Task prompt: An exact, word-for-word copy of the entries is required, beginning at the line that contains "Журналисты сразу вспомнили" and ending at the last line, both included.

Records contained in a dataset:
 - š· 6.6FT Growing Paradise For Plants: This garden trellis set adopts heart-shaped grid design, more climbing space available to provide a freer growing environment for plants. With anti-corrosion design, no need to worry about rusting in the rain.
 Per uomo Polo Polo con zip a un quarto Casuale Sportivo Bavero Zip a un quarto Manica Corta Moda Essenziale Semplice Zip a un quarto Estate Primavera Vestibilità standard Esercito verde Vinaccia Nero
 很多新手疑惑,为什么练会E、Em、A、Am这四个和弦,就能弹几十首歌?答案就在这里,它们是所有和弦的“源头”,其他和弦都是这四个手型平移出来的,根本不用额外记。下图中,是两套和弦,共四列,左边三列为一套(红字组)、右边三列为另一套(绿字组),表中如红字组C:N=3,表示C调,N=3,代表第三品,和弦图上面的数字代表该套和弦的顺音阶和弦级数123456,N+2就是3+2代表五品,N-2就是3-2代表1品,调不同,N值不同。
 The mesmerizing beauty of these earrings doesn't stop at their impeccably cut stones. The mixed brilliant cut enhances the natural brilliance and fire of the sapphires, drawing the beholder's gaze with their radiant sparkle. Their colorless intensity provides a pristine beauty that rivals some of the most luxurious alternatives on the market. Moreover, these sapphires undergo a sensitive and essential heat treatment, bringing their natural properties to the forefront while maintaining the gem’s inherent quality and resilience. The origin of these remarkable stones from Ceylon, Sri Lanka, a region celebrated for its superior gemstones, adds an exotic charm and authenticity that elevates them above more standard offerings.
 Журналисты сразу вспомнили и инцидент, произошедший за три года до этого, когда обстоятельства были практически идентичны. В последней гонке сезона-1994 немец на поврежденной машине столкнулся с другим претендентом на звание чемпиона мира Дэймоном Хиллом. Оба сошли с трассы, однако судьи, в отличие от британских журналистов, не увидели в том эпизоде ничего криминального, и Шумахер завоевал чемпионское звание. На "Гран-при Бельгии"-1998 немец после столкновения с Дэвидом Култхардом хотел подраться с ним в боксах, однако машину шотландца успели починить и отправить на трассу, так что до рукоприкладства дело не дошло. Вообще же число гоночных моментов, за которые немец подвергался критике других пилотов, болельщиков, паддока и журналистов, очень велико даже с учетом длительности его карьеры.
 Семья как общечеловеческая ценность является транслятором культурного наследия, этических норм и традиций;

Exercise solution:
 Журналисты сразу вспомнили и инцидент, произошедший за три года до этого, когда обстоятельства были практически идентичны. В последней гонке сезона-1994 немец на поврежденной машине столкнулся с другим претендентом на звание чемпиона мира Дэймоном Хиллом. Оба сошли с трассы, однако судьи, в отличие от британских журналистов, не увидели в том эпизоде ничего криминального, и Шумахер завоевал чемпионское звание. На "Гран-при Бельгии"-1998 немец после столкновения с Дэвидом Култхардом хотел подраться с ним в боксах, однако машину шотландца успели починить и отправить на трассу, так что до рукоприкладства дело не дошло. Вообще же число гоночных моментов, за которые немец подвергался критике других пилотов, болельщиков, паддока и журналистов, очень велико даже с учетом длительности его карьеры.
 Семья как общечеловеческая ценность является транслятором культурного наследия, этических норм и традиций;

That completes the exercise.